PAR SANTO CAPPON
Sur recommandation d’un ami commun, je suis invité dans un endroit idyllique, hors du temps et des circuits balisés, à Chens-sur-Léman. A proximité immédiate de la frontière suisse, au-delà d’Hermance. Un chalet ancien et son terrain, les pieds dans l’eau du Léman. Protégé par un ponton incurvé signalant un petit port privé, partie prenante de cette propriété. Sur la droite, une petite plage de sable fin.
Voici donc le lieu où Lénine a choisi de séjourner jadis, avant la révolution russe de 1917. Ce que me révèle la propriétaire du lieu, sans être en mesure de m’en dire davantage.
Pour moi la recherche commence. A noter qu’avant 1954, cette localité se nommait simplement « Chens ». Ce qui permet de mieux circonvenir les investigations.
Une simple villégiature?
Première question : une simple villégiature ? Ou pour y mener une vie de famille sans histoire ? Il est vrai qu’il s’est retrouvé là avec son épouse Nadejda Kroupskaïa, ainsi que sa mère. Assez rapidement, je découvre que la sérénité de ce lieu aura été pour lui, dans un premier temps, le cadre propice d’une réflexion ciblée. Afin d’y planifier ses activités politiques futures. Tout en restant en contact avec d’autres révolutionnaires. Car il existe des documents qui non seulement mentionnent son séjour à Chens, mais qui renferment précisément des correspondances avec d’autres révolutionnaires. Ces documents sont conservés dans des archives historiques consultables par les chercheurs. Certaines de ces notes et lettres ont été publiées dans des recueils de ses œuvres complètes.
Pendant son exil à Chens-sur-Léman, sa vie quotidienne était assez simple. Voici quelques aspects de sa routine :
Il passait une grande partie de ses journées à lire, écrire, et correspondre avec d’autre comploteurs. Sa femme l’aidait souvent dans ses travaux, notamment en mettant au net ses manuscrits et en gérant leur correspondance.
Période cruciale pour Lénine
Lénine aimait à se promener dans la campagne environnante. Ce qui lui permettait de réfléchir et de se ressourcer. Bien qu’il vivait alors dans un endroit splendidement isolé, il recevait parfois la visite d’autres révolutionnaires et intellectuels, avec qui il discutait de la situation politique en Russie, et des stratégies à adopter. Comme tout le monde, il devait s’occuper des tâches ménagères et des besoins quotidiens (bien que ces aspects de sa vie soient peu documentés).

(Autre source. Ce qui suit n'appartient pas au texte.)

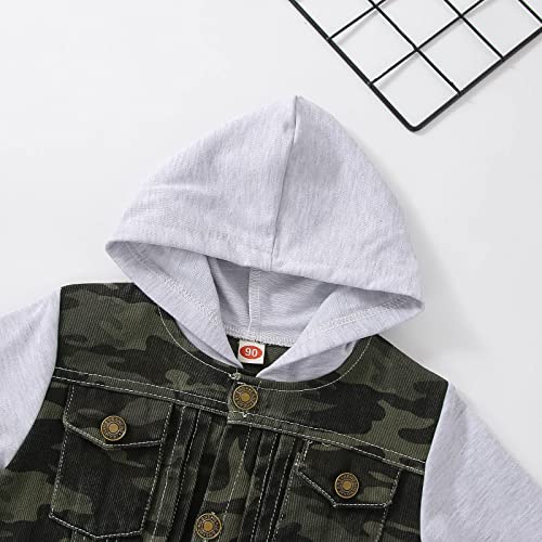 Hooded Camouflage Denim Jacket For Boys Girls Button Long Sleeve Coat Windproof Color Block Outerwear With Pocket 5
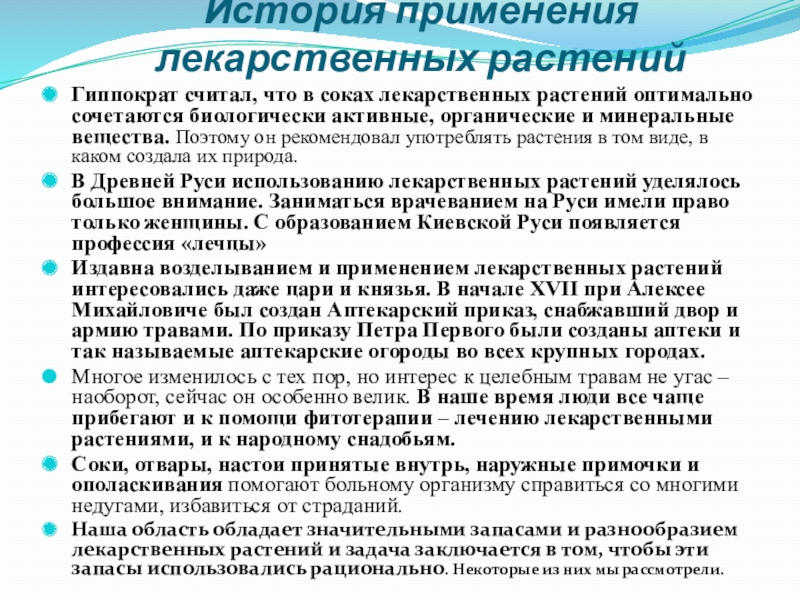 Издавна возделыванием и применением лекарственных растений интересовались даже цари и князья. В начале ХVII при Алексее Михайловиче был создан Аптекарский приказ, снабжавший двор и армию травами. По приказу Петра Первого были созданы аптеки и так называемые аптекарские огороды во всех крупных городах.

Cette période a été cruciale pour Lénine, car elle lui a permis de mûrir ses idées et de préparer le terrain pour la révolution bolchevique.
Il est mentionné que la maison où il a vécu à Chens-sur-Léman « était une résidence modeste et tranquille, typique de la région. Qu’elle était entourée de la beauté naturelle de la campagne savoyarde, en prise directe avec le lac Léman ».
Mais il se trouve qu’il a aussi planifié et organisé à Chens, « le Congrès révolutionnaire russe de Chens », qui se déroula en août 1904 ! Il existe un dossier sur ce Congrès, consultable à l’Université de Californie, et numérisé le 27 décembre 2007. Accessible également sur les fonds D-7 des Archives Nationales françaises. Au total 27 rapports et pièces diverses. Un « rapport de sûreté » existe aussi. Qui donne la liste d’une trentaine de participants, parmi les 50 délégués venus à Chens depuis Genève, Paris, Londres, Berlin etc. Tous qualifiés à l’époque de « nihilistes ». Qu’ils appartiennent au parti S.R., au parti social-démocrate ou autre.
L’attentat de Saint-Petersbourg
Les noms les plus remarquables sont ceux de Vladimir Oulianov (Lénine), Elie Roubanovitch, Joseph Minor, Victor Tchernoff, Jean Dobrowski, Madame Azeff, Chichko, Boris Hermann chez qui se tenaient les réunions. La question est de savoir si ce Boris Hermann était le propriétaire de la maison au bord du lac (?). D’autres noms sont cités, mais il serait fastidieux de les reproduire ici.
Ces précisions ont été publiées en 1965 par Michel Lesure (p. 284), dans son rapport intitulé « Les mouvements révolutionnaires de 1882 à 1910 ».
Mais on note au passage que ces réunions à Chens furent subitement interrompues, « pour des raisons de sécurité », par la nouvelle d’un attentat à la bombe contre le ministre tsariste de l’Intérieur Plewhe, survenu le 28 juillet 1904 à Saint-Petersbourg. Cet attentat fut attribué au groupe Narodnaja Volja. On note aussi que le corps de la victime « ne formait plus qu’une bouillie sanglante ; la tête, les jambes et les bras ayant été arrachés du tronc ».